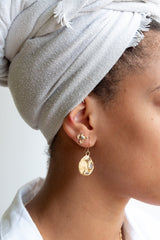 Inspired by the luminous crescent moon in the night's sky, these earrings feature raw rose quartz set in brass and suspended from meticulously handcrafted gold-filled ear wires. Versatile yet enchanting, these earrings are a perfect addition to any outfit. Our metals are ethically sourced and carefully crafted to minimize waste, while our gemstones are directly procured from mines, maintaining their natural allure without any chemical enhancements. In our pursuit of sustainability, we prioritize eco-friendly options and our packaging is made of 100% recycled paper. As a premium brand, we ensure elegance and exclusivity in every aspect.
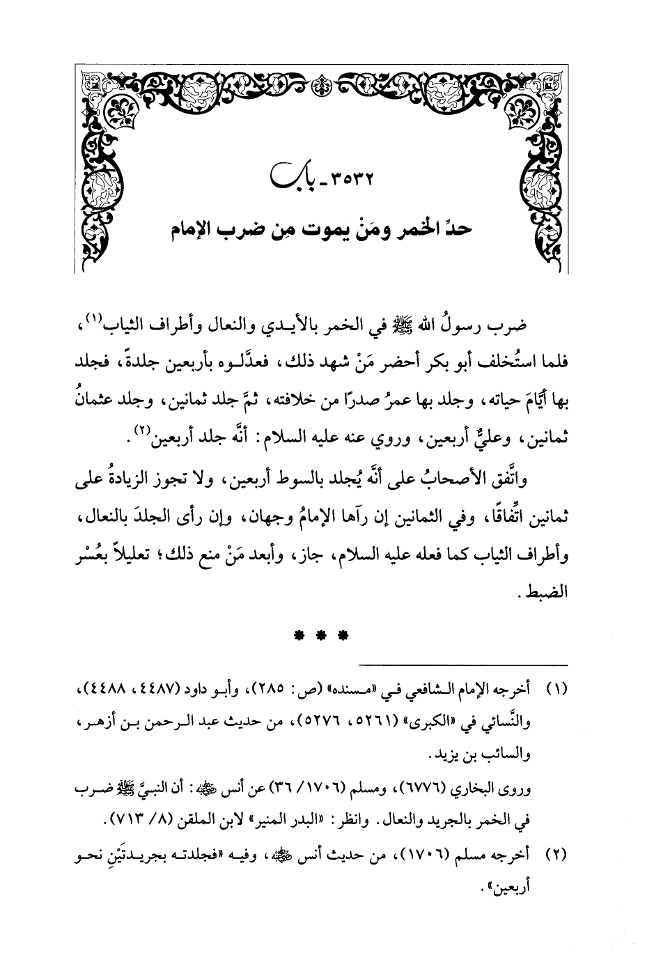 3532 - باب حدِّ الخمر ومَنْ يموت مِن ضرب الإِمام
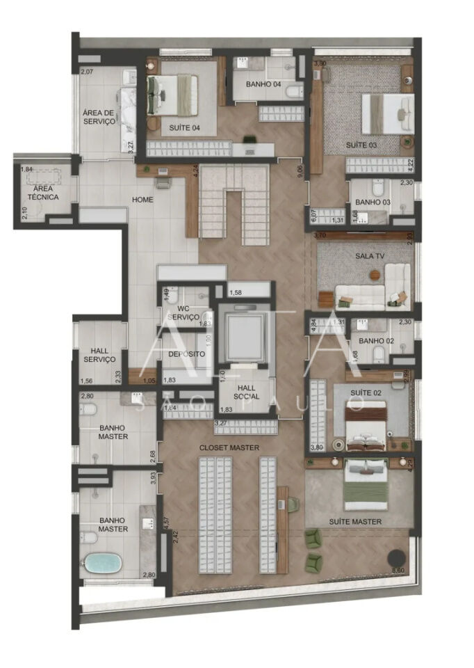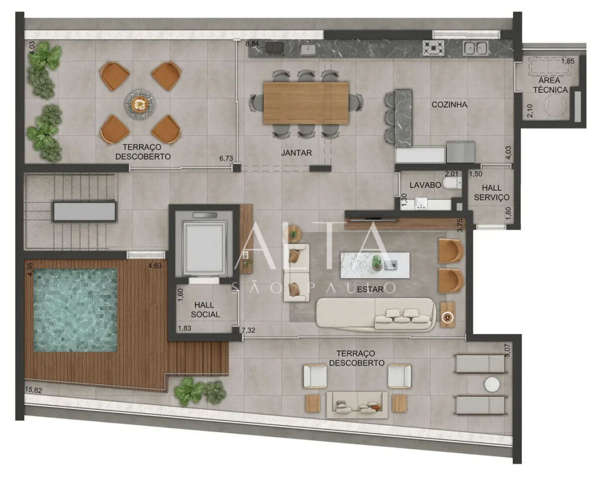 * Terraço descoberto maior com espaço para SOLARIUM AMPLO e PISCINA PRIVATIVA
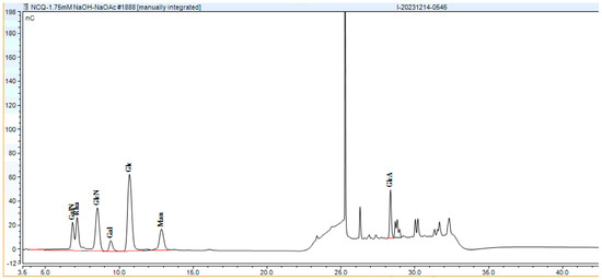 Monosaccharide composition of Ls5 EPS. Abbreviations in the figure represent the following monosaccharides: Galactosamine (GalN), Rhamnose (Rha), Glucosamine (GlcN), Galactose (Gal), Glucose (Glc), Mannose (Man), Galacturonic Acid (GalA), and Glucuronic Acid (GlcA).
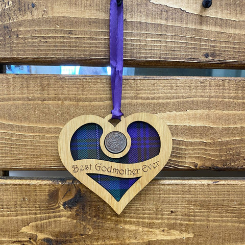 Lucky Sixpence with Tartan - Best Godmother Ever
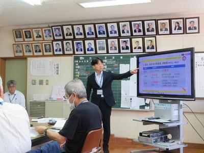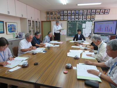 役員選出後、校長から委員の皆さんに、本年度の児童数や学級数、職員の状況に加え、学力や生徒指導など、学校の状況を説明しました。
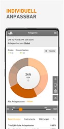 Wir legen uns fest, damit Sie es nicht müssen • Depot eröffnen und Anlagestrategie bestimmen in unter 30 Minuten. • Testen Sie alle Funktionen im virtuellen Konto ohne einen Rappen echtes Geld. • Keine Mindestlaufzeit. Kündigung jederzeit möglich. Sie verfügen über Ihr Vermögen.
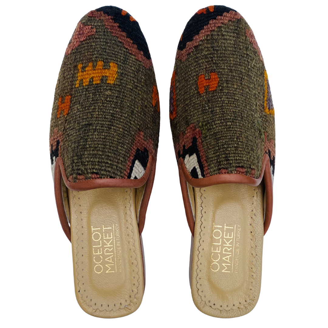 Handmade wool kilim rug upper with a leather sole and leather lining. This style is made from a repurposed 40+ year old Turkish kilim rug and each design is one-of-a-kind.
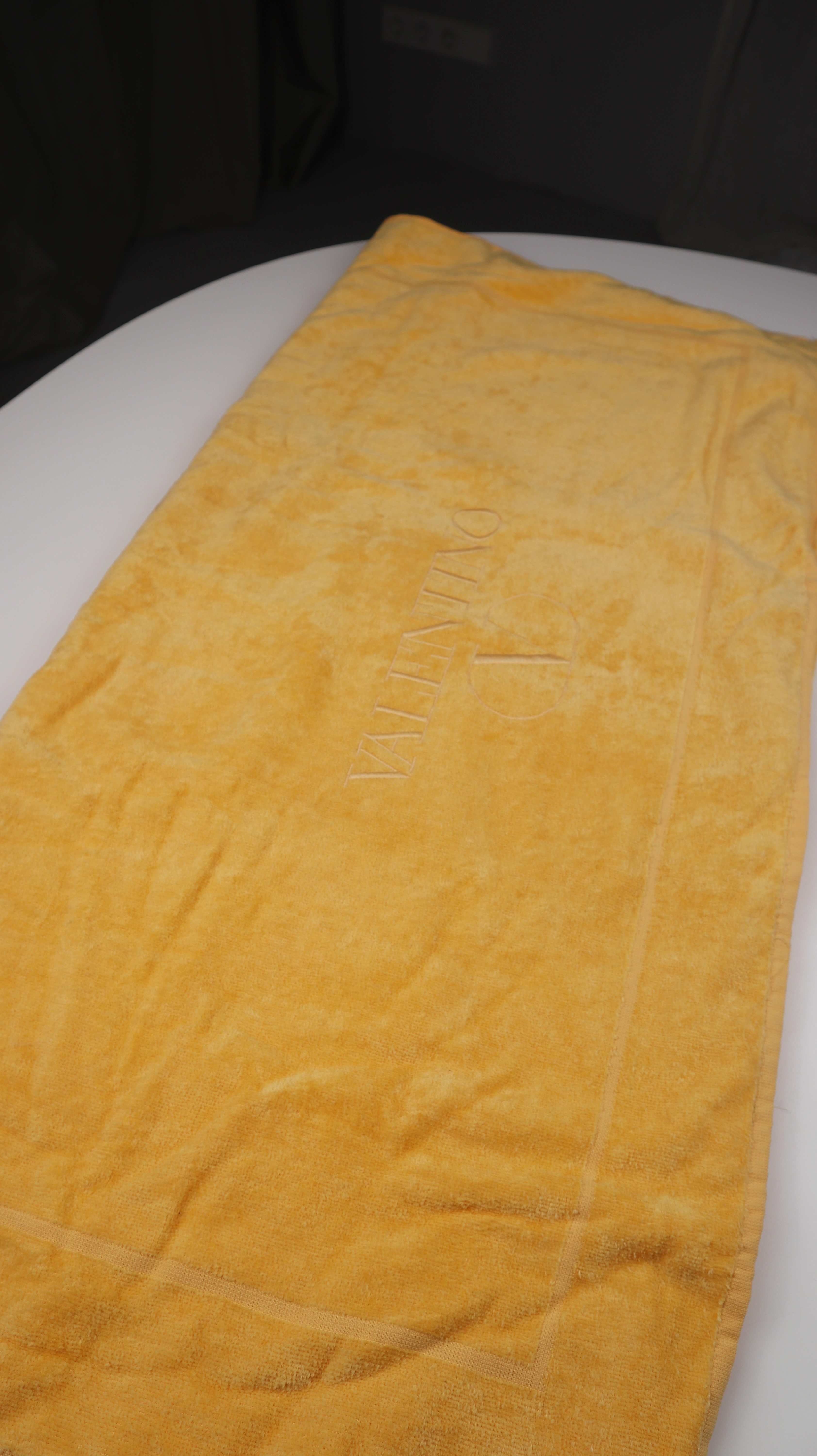 Großes gelbes, neues Badetuch von Valentino. 90 cm Breite. Neu in der Plastikhülle. Plus Versand
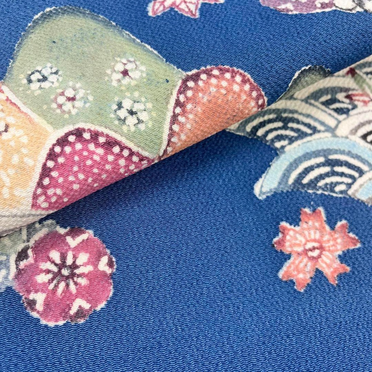 青黛色の縮緬に色鮮やかな山々に紅葉などの風景柄がデザインされた素敵な柄裄のお品でございます。

• _Directions_
Could you repeat, exactly, only the lines above starting at the one that has "e PISCINA PRIVATIVA" and stopping after the one that has "Wir legen uns", without the pictures?

• _Exercise solution_
 * Terraço descoberto maior com espaço para SOLARIUM AMPLO e PISCINA PRIVATIVA
 Monosaccharide composition of Ls5 EPS. Abbreviations in the figure represent the following monosaccharides: Galactosamine (GalN), Rhamnose (Rha), Glucosamine (GlcN), Galactose (Gal), Glucose (Glc), Mannose (Man), Galacturonic Acid (GalA), and Glucuronic Acid (GlcA).
 Lucky Sixpence with Tartan - Best Godmother Ever
 役員選出後、校長から委員の皆さんに、本年度の児童数や学級数、職員の状況に加え、学力や生徒指導など、学校の状況を説明しました。
 Wir legen uns fest, damit Sie es nicht müssen • Depot eröffnen und Anlagestrategie bestimmen in unter 30 Minuten. • Testen Sie alle Funktionen im virtuellen Konto ohne einen Rappen echtes Geld. • Keine Mindestlaufzeit. Kündigung jederzeit möglich. Sie verfügen über Ihr Vermögen.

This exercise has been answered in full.